One of my initial acquisitions.
The Turntable
Unlike phones and computers, turntables are designed to do basically just one job. Further, they have various components: tonearm, platter, input and output fixtures, preamps, various meters and other features (to be honest, I don’t know what half of these are), and then the speakers, etc…. I went with a setup that is all wired: no Bluetooth speakers- all analogue, no digital condensing. Supposedly what audiophiles like about vinyl is it has the fullest and warmest tonality as nothing is lost in the process of digitization. Further, all the streaming services condense the music even further to save on server space.
I probably ended up with a not very good set (I know it isn’t the sort of deal people spend thousands of dollars on), but I did some research and made the choice after a process of thought (and after getting the okie dokie from my friend of infinite musical knowledge, Jay).
Initial acquisition.
So, before you even get to think about playing any music, you have to consider and make decisions. That’s sort of how things should be. What do I wish to accomplish here? What is the best way of going about that in the given circumstances (budget, etc…)? Probably there is no harm done by downloading a music app on your phone and just going for it. But there are things that are best thought about, and we are encouraged to live all of life as if it were an app (or simply to live it solely on apps).
The Record Store
As soon as I got the system set up, I had to run out to a record store because I just had to hear how it sounded.
I had not shopped for records since the 80s (though I had shopped for CDs as recently as the 00s I suppose). I love and had missed record stores.
First, there are other people there shopping for records as well. You do it together. You might even talk to them about what they are into. That never happens when I’m choosing which algorithmic mix to choose on Spotify. Further, there are folks who work in the record store who tend to be into music: EXPERTS (the actual kind, not the kind who propagandize THE science) right there!
Initial acquisition.
Second, it takes a bit of work and time to get there and then you have to thumb through the stacks. Another opportunity for thought and intention. Also, they don’t have everything. In fact, they have barely anything, all things considered. You have to learn to value what is available.
Third, there are finds.
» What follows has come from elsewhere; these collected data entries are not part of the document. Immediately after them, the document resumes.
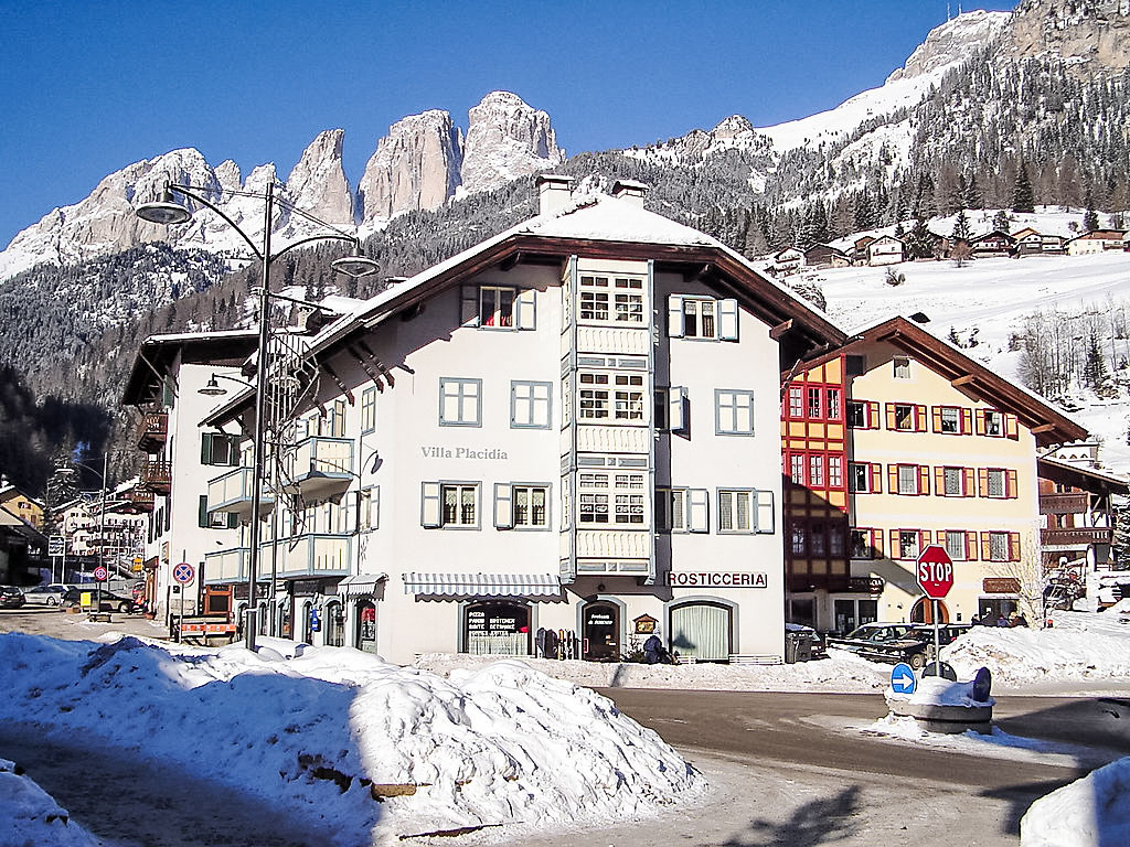 Schönes, komfortables Mehrfamilienhaus "Villa Placidia", auf 3 Stockwerken, renoviert. 11 Wohnungen im Ferienhaus. Im Ortszentrum von Campitello, 2 km vom Zentrum von Canazei, belebte, sonnige Lage, 200 m vom Skigebiet, an einer Hauptstrasse, Richtung Süden. Im Hause: Zentralheizung, Heizung nur verfügbar von 01.11. bis 30.04.. Im Winter bitte Schneeketten mitbringen. Öffentliche Parkplätze 500 m extra. Lebensmittelgeschäft 200 m, Supermarkt 500 m, Restaurant, Bar 200 m. Sessellift 200 m, Skibushaltestelle 20 m. Nahe gelegene Sehenswürdigkeiten: Sella Ronda 200 m, Lago di Carezza 21 km.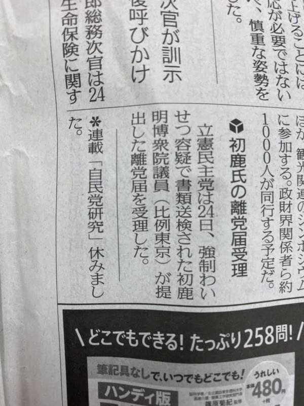 また、小さいながら、強制わいせつ容疑で送検された初鹿明博衆議院議員の離党届を立憲民主党が受理した、との記事もあります。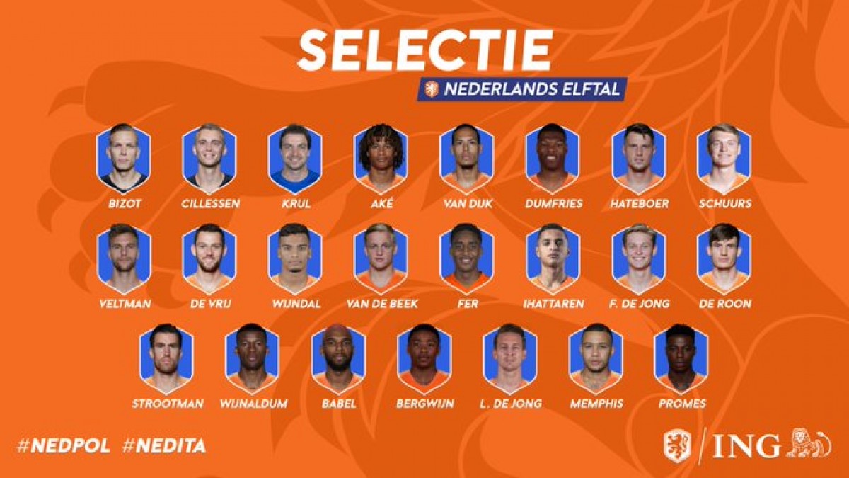 ნიდერლანდების ნაკრების მთავარი მწვრთნელის მოვალეობის შემსრულებელმა დუაიტ ლოდევეგესმა პოლონეთთან და იტალიასთან გასამართი ერთა ლიგის მატჩებისთვის გაფართოებული შემადგენლობა დაასახელა.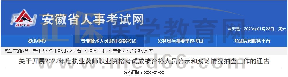 安徽省關(guān)于開(kāi)展2022年度執(zhí)業(yè)藥師職業(yè)資格考試成績(jī)合格人員公示和踐諾情況抽查工作的通告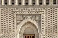 Les détails décoratifs sont réalisés en brique ou en gypse sculpté et dans des volumes réduits[30]. Les briques sont posées de manière alternée : couchées à l'horizontale puis verticalement, ou encore en chevron. Elles sont également utilisées pour former des séries de petites rosaces juxtaposées. Placées sur un fond profond en maçonnerie elles permettent d'organiser avec virtuosité un jeu d'ombre et de lumière dont on ne retrouve pas d'équivalent dans les monuments d'architecture de cette époque[31].

On my first trip (in this portion of my life) to the record store, I picked up things by Sonny Rollins, Muddy Waters, Pete Seeger, Odeta, Ian and Silvia, Peter, Paul and Mary, Roy Orbison, Mahalia Jackson, Stan Rogers, and Steeleye Span. Many were $1 or $2 because no one listens to good music, despite my best efforts. I had to pay $20 for the Rollins and Muddy and pass on the $25 BB King Live in Cook County Jail (though it was probably the most important recording in the little shop’s bins).
But the find was Ray Wylie Hubbard’s Co-Starring Too, a relatively recent release, that goes for $20 and up on ebay, for a mere $8. There is joy in making the find. A joy that eludes us when we are saturated with media.
The Cover
Now we actually have some recorded music and a device to play it on. As we settle in (and settling in is a good preamble to listening to music; my ritual will often include preparing a glass of wine), we pick up the album and look at the cover.
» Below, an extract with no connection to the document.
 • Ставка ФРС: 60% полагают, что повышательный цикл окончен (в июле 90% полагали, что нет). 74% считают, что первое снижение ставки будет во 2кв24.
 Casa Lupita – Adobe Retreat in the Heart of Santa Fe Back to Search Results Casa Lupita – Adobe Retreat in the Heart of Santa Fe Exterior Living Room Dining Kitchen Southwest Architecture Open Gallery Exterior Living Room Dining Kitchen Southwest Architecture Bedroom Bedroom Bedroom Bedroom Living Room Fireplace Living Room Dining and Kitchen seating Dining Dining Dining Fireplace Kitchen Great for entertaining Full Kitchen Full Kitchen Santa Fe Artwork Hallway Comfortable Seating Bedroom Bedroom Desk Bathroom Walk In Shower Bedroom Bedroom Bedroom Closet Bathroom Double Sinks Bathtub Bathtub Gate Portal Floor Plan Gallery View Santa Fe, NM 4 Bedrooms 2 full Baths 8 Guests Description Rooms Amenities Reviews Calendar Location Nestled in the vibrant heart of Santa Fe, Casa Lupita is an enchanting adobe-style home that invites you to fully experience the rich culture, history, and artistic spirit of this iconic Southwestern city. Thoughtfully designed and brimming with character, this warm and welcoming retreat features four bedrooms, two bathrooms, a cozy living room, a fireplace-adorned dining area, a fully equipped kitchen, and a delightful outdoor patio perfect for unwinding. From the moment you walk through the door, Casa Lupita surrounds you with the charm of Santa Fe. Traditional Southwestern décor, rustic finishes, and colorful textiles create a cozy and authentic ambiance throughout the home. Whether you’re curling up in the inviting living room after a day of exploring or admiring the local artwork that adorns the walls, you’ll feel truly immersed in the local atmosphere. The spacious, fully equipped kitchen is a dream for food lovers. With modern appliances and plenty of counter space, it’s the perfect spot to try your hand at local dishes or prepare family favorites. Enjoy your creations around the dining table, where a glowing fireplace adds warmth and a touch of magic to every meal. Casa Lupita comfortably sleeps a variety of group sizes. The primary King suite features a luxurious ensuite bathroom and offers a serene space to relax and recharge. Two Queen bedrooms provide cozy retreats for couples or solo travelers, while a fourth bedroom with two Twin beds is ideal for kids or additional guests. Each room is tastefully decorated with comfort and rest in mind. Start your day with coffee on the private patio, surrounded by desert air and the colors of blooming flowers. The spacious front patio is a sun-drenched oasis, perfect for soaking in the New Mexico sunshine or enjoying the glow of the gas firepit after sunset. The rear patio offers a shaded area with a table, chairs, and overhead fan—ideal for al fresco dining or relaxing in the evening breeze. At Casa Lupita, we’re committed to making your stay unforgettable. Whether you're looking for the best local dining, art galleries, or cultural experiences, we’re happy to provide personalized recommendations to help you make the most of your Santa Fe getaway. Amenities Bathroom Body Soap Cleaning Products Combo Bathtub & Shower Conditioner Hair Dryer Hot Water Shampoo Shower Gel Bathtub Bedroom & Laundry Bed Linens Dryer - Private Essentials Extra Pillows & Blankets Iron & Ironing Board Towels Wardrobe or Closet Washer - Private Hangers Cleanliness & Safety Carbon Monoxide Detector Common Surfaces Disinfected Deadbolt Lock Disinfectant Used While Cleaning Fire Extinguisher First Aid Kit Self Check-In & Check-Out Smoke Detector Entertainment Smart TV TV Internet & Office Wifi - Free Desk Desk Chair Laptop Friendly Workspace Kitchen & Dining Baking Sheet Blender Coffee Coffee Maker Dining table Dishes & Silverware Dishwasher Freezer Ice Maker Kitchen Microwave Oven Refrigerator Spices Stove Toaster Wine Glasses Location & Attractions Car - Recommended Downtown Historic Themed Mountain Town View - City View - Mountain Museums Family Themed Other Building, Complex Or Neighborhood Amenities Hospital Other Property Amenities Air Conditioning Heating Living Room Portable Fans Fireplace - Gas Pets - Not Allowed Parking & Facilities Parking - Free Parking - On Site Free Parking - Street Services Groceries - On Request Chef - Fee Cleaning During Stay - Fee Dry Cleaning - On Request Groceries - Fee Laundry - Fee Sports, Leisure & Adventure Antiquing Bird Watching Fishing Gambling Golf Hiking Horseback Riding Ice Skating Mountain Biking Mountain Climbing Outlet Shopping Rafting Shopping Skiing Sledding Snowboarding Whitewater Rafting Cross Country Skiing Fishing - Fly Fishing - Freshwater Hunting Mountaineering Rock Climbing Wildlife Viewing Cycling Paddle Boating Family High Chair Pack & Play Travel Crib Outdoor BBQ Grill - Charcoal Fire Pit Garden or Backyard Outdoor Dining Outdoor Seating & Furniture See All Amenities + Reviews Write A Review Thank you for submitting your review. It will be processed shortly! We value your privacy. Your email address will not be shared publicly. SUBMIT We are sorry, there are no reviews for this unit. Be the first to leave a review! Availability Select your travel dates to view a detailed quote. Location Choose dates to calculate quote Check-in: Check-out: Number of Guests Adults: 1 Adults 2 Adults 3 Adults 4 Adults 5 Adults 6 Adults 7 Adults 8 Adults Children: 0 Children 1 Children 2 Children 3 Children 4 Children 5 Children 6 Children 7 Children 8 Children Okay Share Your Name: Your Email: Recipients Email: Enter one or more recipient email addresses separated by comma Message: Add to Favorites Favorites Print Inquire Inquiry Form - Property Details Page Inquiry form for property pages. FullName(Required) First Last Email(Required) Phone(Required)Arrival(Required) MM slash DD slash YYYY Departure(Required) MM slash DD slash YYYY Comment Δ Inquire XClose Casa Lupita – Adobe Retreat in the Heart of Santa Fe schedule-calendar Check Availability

We contemplate it. This is comprised mostly of images. This is the realm of art and mythos if people have done their jobs right.
The Liner Notes
Then we read the liner notes. Reading before listening to the tunage?? Here we find out about the artist, the conceptualization of the album, who all is playing on each song, and things like that. I have no idea why the streaming services don’t include a way to pull up the liner notes. Just literacyphobia I guess. This is the realm of the logos; what helps us make sense of what is going on with the music.
The Music
Then we listen to the music. Where mythos and logos, meaning and structure, melody and rhythm all come together.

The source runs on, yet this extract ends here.